Cansadas de esperar sin hacer nada la llegada del suero, sor Ananda y sor Alice infringieron una mañana su voto de obediencia para volver a servir a los pensionistas del hospicio. La alegría de una anciana apergaminada atrajo en seguida la atención de la ex pequeña leprosa de Benarés. Sus risas y su animación creaban en el vasto dormitorio una atmósfera de gozo sorprendente. La vieja cogió la mano de la joven novicia y le dio a entender que deseaba que le diesen un masaje. Ananda se arrodilló junto al pequeño cuerpo encanijado y comenzó a amasarlo delicadamente. La muchacha se enteró de que aquella mujer había sido encontrada hacía bastantes años por un cazador en el centro de un bosque himalayo. Se suponía que fue criada por los osos, porque sólo se desplazaba a cuatro patas. Necesitó meses para acostumbrar su estómago a las comidas de los hombres y durante mucho tiempo sólo quería comer directamente del suelo. A fuerza de paciencia, las hermanas le habían enseñado a mantenerse erguida y a poner un pie delante del otro. Su existencia salvaje le había privado del uso de la palabra. Sólo se expresaba por medio de gruñidos. Su mayor placer parecía ser que le diesen masajes. Las hermanas se preguntaban si no habría sido la lengua de los osos la que le había enseñado ese placer.
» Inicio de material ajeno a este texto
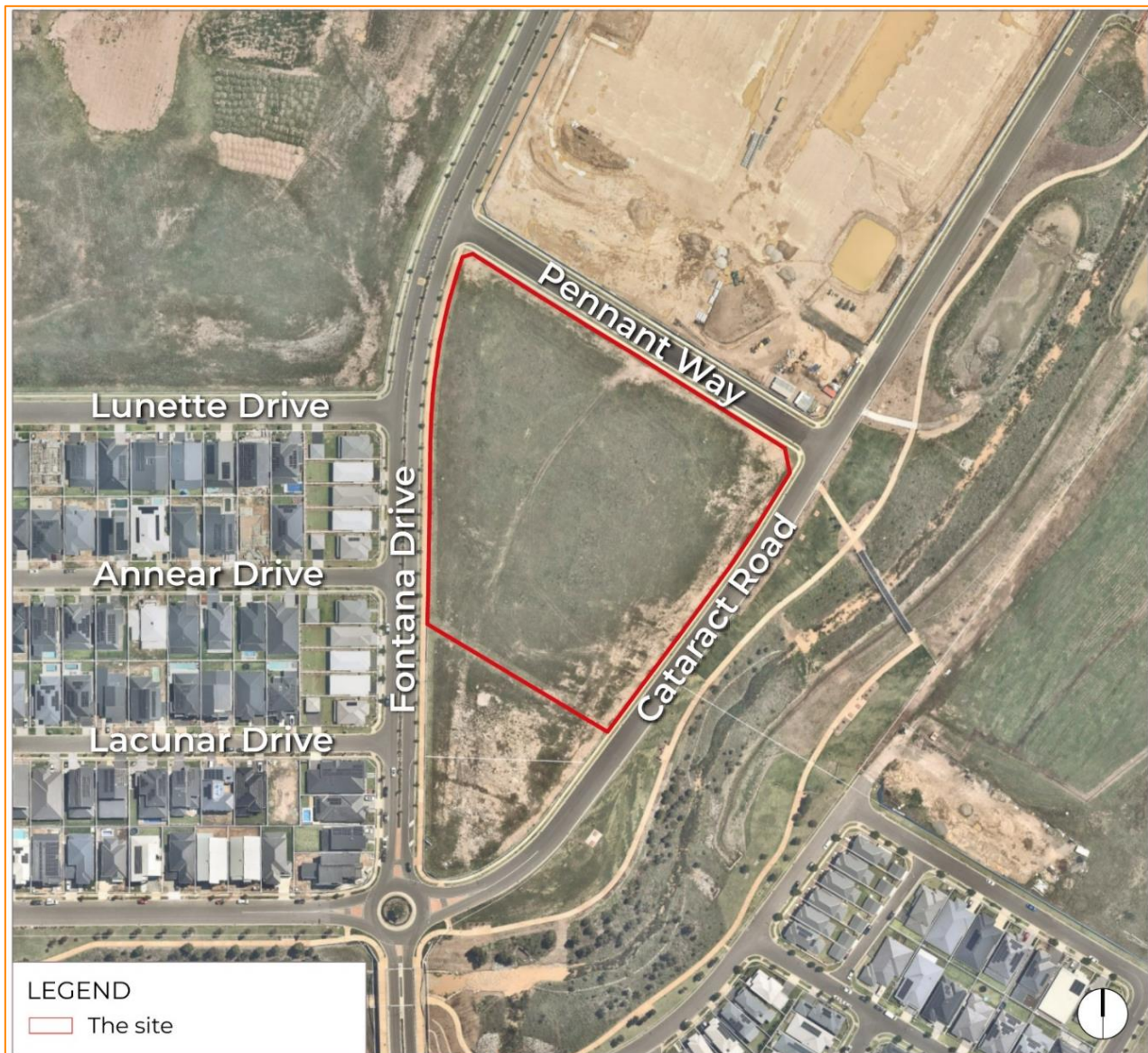
Figure 1: Site Aerial
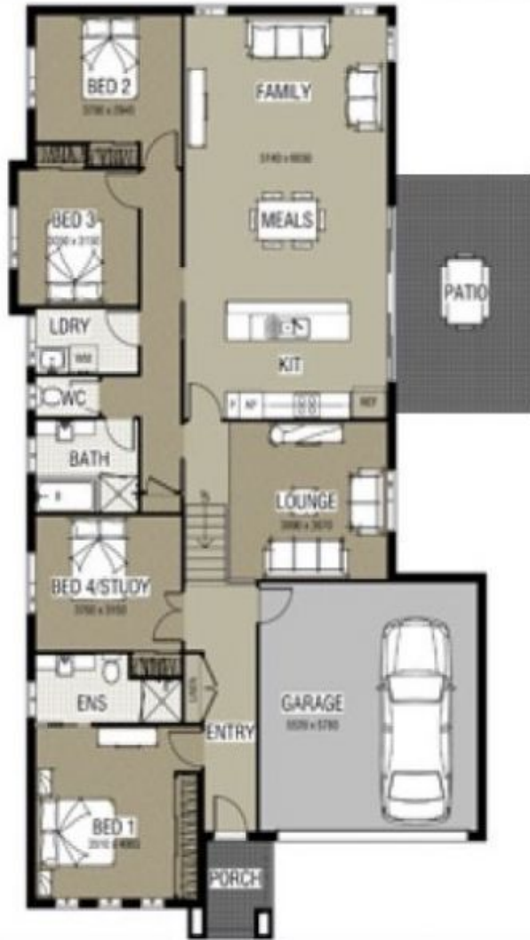
Avalon 204 Split Level Classic Floor Plan
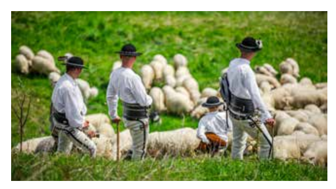
Photo 9. The rich vegetation eaten by the animals on the Podhale meadows contributes hugely to the aroma of the milk, and therefore the quality of the cheese. Ethereal oils present in many endemic plant species find their way into the milk, giving the cheese a natural "seasoning".

Extensive sheep grazing on highland pastures made it possible for plants to create new combinations and a mosaic of species that had adapted to these new habitats. Mountain meadows, which are seminatural plant communities, are full of endemic species, meaning those that occur in one strictly specified place. These areas are specific habitats for animals, which have thereby gained space for feeding and
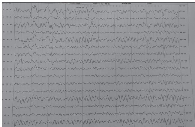
Figure 1: Electroencephalogram showing diffuse slow wave activity

La visita inopinada de sor Paula puso un término prematuro a la escapada de las dos novicias. La religiosa traía al fin las dosis del suero antirrábico. Había llevado consigo a un joven médico inglés de paso por el «moridero» para que les pusiera inmediatamente una primera inyección. Ese tratamiento, que tiene fama de ser muy doloroso, debía ser repetido cada veinticuatro horas durante catorce días. En aquel caso concreto, por otra parte, el retraso del plazo normal no aseguraba ninguna garantía de éxito.
Tres semanas después, el hermano Philippe Malouf, de la abadía de los Siete Dolores de Latroun, en Israel, recibió de Inglaterra un sobre que contenía un breve mensaje escrito en una hoja con el membrete de las Misioneras de la Caridad, así como una carta firmada por un tal doctor Williams. El monje sintió un pellizco en el corazón al reconocer la escritura de sor Paula.
Querido hermano Philippe:
Debo comunicarle nuestra tristeza
—leyó con impaciencia el monje—.
Probablemente no hemos rezado lo bastante. El Señor se acaba de llevar a nuestra hermanita Alice. El doctor Williams, que regresa esta tarde a Europa, le explicará las atroces circunstancias
.Felizmente, sor Ananda, su «prometida» espiritual, no presenta hasta ahora ninguno de los signos precursores de la rabia, pero aún tiene una gran necesidad de la ayuda de sus oraciones y de la ofrenda de sus sufrimientos
.
El monje, impresionado, esperó largo rato antes de decidirse a leer la carta del doctor Williams.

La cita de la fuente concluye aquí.